# My 7th Hunt of the Year!!



## crittergitter (Jun 9, 2005)

I dropped into this spot by boat in the afternoon, and I had never scouted it or anything, never even laid eyes on the terrain or anything. Got in with my climber and had deer on me before I could even get situated!!


----------



## snag (Dec 27, 2005)

Nice video, she got spooked from something at the end, nice looking area. I got out this afternoon and like ten minutes after I’m up in the stand I see a buck far away come out and head my way, came out in some thickets and hung around smelling the wind, I just walked through that area a short time befor 4. Hung around and walked off up wind a nice 8 point.

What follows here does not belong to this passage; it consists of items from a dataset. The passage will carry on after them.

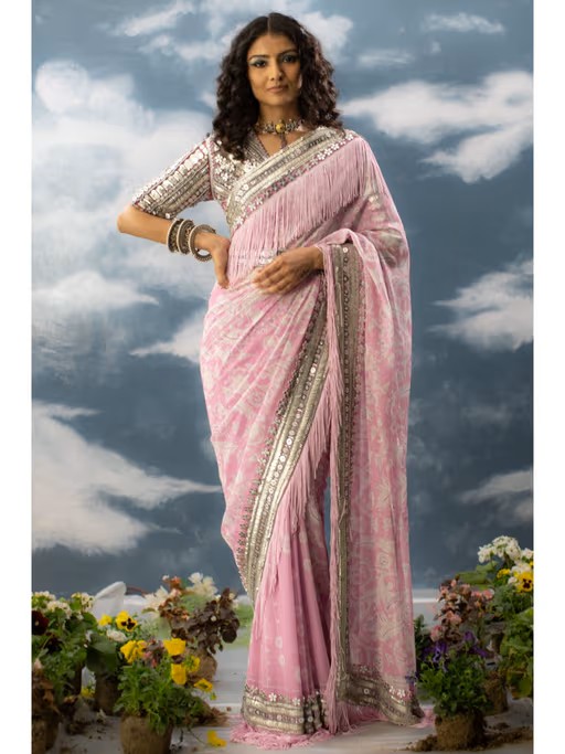 Lilac Pink Printed & Embroidered Saree In Chiffon with Unstitched Blouse
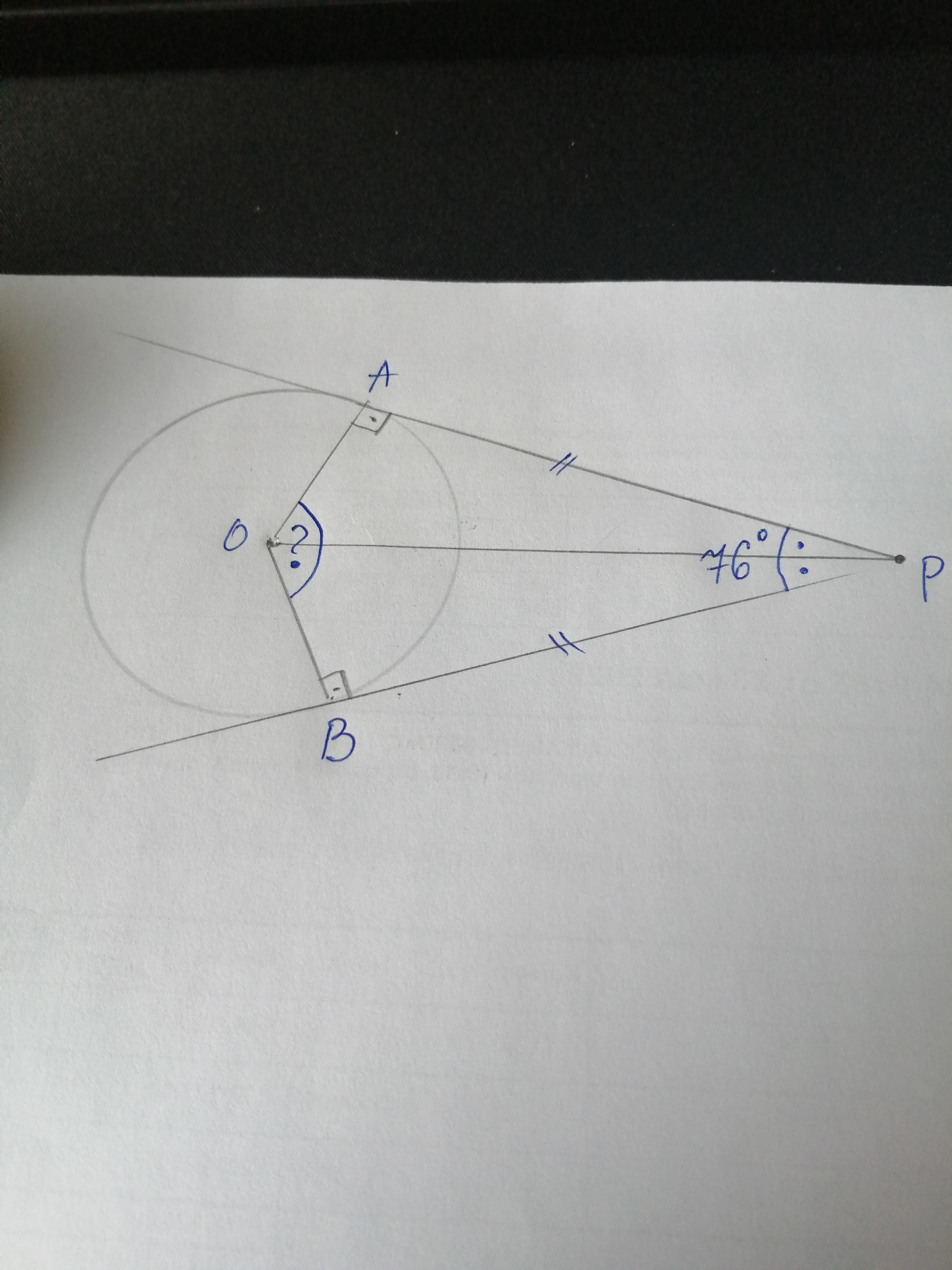 Из этого свойства следует, что АР=ВР и ∠ОРА=∠ОРВ=76°:2=38°
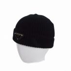 プラダ PRADA トライアングルロゴ ウール カシミヤ ビーニー ニット帽 帽子 M ブラック 黒 UMD489 S211 3IM 国内正規 メンズ
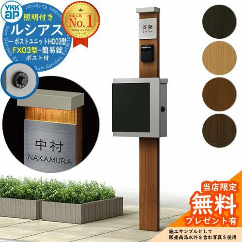 YKKap ルシアスポストユニット HD03型 (100V)照明付き本体 FX03型ポスト(簡易錠) セット 上入れ横出し
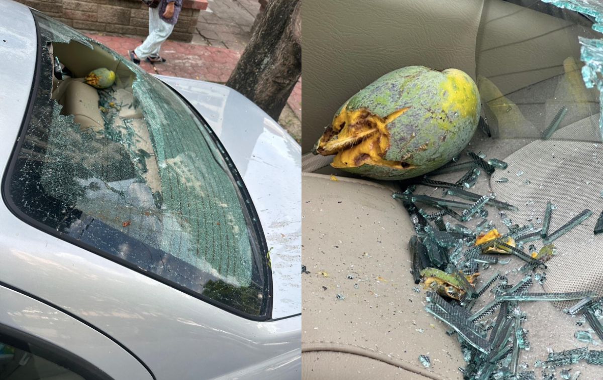 羅廷瑋釋出多張芒果樹落果砸傷小客車後車窗的現場照,只見厚實的後車窗,被重達1斤左右的芒果砸出一個大洞,玻璃碎片滿佈後座,也有擋風玻璃被砸出蜘蛛網紋,可見力道之大。
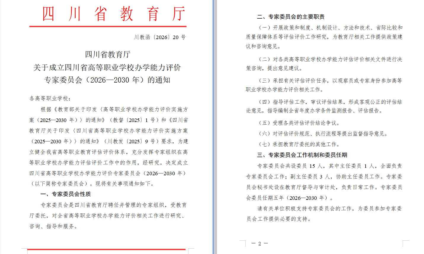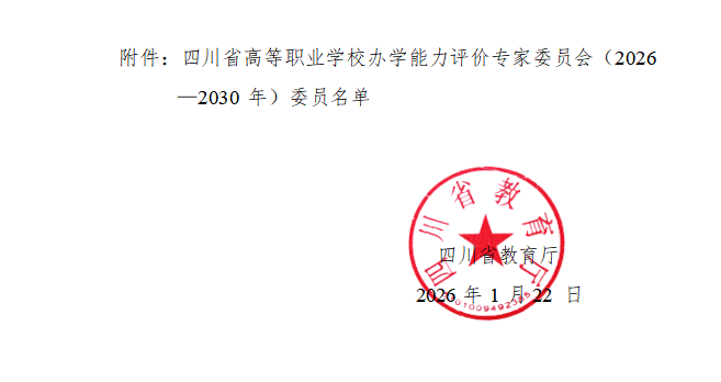 院长符刚教授入选“四川省高等职业学校办学能力评价专家委员会(2026—2030年)”委员。该委员会由省教育厅聘任管理,主要负责全省高职院校办学能力评价的研究、咨询与指导工作。符刚教授长期深耕教育管理与学科建设,主持多项省部级课题,荣获多项教学成果奖,其入选是对个人学术造诣与实践能力的高度认可。
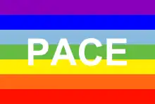 A bandeira arco-íris foi usada pela primeira vez como símbolo pacifista na Itália nos anos 60. Mas só se popularizou a nível mundial em 2002 durante os protestos contra a Ocupação do Iraque. A versão mais comum tem sete barras horizontais, sendo a ordem inversa à usada pelo movimento LGBT, e com uma barra azure, a cor nacional de Itália. Geralmente tem inscrita a palavra pace, que significa "paz" em latim, em letras maiúsculas de cor branca. Também é usual ver outras traduções da palavra.
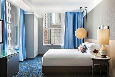 Just blocks away from the luxury shopping, dining and entertainment of Michigan Avenue’s Magnificent Mile, this boutique hotel is located in the heart of the Loop in downtown Chicago and offers a rooftop bar, complimentary evening wine hour and contemporary-styled guest rooms with free WiFi. Every room at Kimpton Gray Hotel includes a flat-screen TV, iPod docking station and a private bathroom with bathrobes and luxury Atelier Bloem bath products. Select rooms offer a separate living room and spa bath. Boleo offers breathtaking rooftop views alongside Latin-inspired cocktails and cuisine. Surrounded by the unique décor and marble furnishings of the lobby, guests can also grab a drink at the library-themed bar, Vol. 39. The hotel offers meeting and event spaces with large windows, high ceilings and modern business accommodations. There is also a state-of-the-art 24-hour fitness center. Gray Kimpton Hotel is located less than a mile away from Grant Park and the Art Institute. The hotel is a short 5-minute walk away from the Washington/Wells CTA train stop, offering easy access to the city’s top attractions.
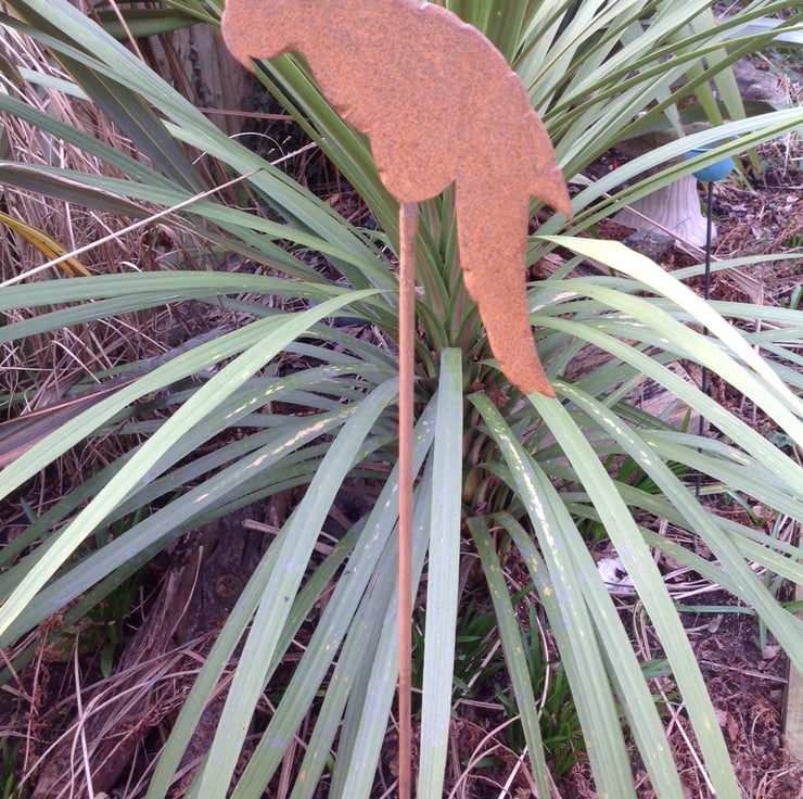 A decorative rustic metal plant support crafted from mild steel. The sculptured plant support is approx 36". Each is individually made so there are slight differences between each.

Sent from my iPhone using Tapatalk


----------



## Ohiohunter23 (Nov 19, 2020)

Can you use a 38 special to deer hunt with


----------



## Morrowtucky Mike (May 2, 2018)

Ohiohunter23 said:


> Can you use a 38 special to deer hunt with


Technically yes but definitely not recommended IMO.


----------



## buckeyebowman (Feb 24, 2012)

Morrowtucky Mike said:


> Technically yes but definitely not recommended IMO.


I don't know? Is that a recommended caliber? There's a reason that police departments and the military no longer use them. Not enough knock down power to handle a man let alone a deer!


----------